** Opening Available data block **
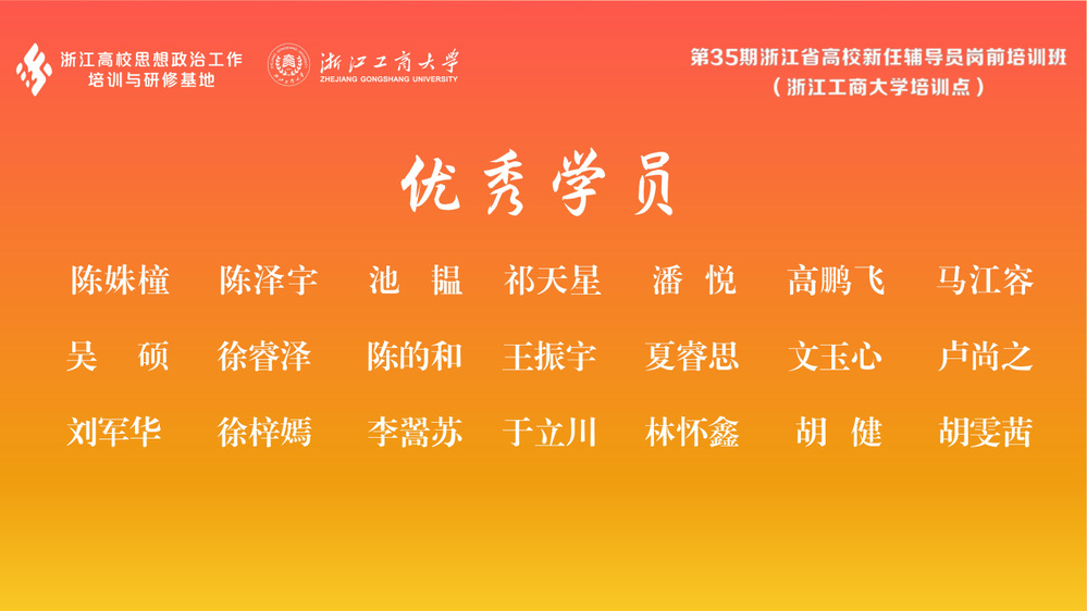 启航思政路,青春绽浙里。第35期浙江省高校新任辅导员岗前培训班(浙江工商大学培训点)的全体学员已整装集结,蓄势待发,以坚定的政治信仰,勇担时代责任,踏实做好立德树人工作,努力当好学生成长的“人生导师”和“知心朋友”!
** Closing Available data block **
** Opening Available data block **
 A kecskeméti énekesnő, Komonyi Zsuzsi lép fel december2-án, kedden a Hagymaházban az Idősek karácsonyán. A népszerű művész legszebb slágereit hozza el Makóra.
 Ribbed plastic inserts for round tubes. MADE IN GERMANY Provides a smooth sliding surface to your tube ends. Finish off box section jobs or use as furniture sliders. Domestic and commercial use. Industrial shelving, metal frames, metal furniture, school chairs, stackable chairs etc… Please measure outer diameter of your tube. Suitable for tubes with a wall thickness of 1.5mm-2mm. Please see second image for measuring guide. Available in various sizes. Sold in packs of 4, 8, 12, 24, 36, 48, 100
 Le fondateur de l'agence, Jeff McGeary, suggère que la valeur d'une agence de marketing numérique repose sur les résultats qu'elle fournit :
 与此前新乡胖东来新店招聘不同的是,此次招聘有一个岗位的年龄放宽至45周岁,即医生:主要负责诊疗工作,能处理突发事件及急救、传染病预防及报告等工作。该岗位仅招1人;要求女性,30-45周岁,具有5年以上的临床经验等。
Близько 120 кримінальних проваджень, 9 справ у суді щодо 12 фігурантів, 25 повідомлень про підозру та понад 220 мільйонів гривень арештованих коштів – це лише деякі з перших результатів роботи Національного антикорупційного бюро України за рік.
** Closing Available data block **
** Opening Available data block **
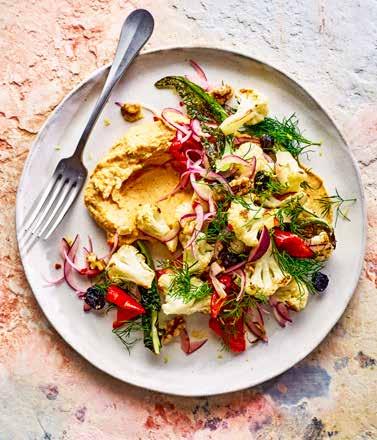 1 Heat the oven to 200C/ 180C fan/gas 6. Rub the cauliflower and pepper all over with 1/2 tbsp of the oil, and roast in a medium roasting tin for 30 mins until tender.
** Closing Available data block **
Look above for the line with "Ribbed plastic inserts"; retype exactly that line, every line after it up to the line with "与此前新乡胖东来新店招聘不同", and that line too, nothing else.

 Ribbed plastic inserts for round tubes. MADE IN GERMANY Provides a smooth sliding surface to your tube ends. Finish off box section jobs or use as furniture sliders. Domestic and commercial use. Industrial shelving, metal frames, metal furniture, school chairs, stackable chairs etc… Please measure outer diameter of your tube. Suitable for tubes with a wall thickness of 1.5mm-2mm. Please see second image for measuring guide. Available in various sizes. Sold in packs of 4, 8, 12, 24, 36, 48, 100
 Le fondateur de l'agence, Jeff McGeary, suggère que la valeur d'une agence de marketing numérique repose sur les résultats qu'elle fournit :
 与此前新乡胖东来新店招聘不同的是,此次招聘有一个岗位的年龄放宽至45周岁,即医生:主要负责诊疗工作,能处理突发事件及急救、传染病预防及报告等工作。该岗位仅招1人;要求女性,30-45周岁,具有5年以上的临床经验等。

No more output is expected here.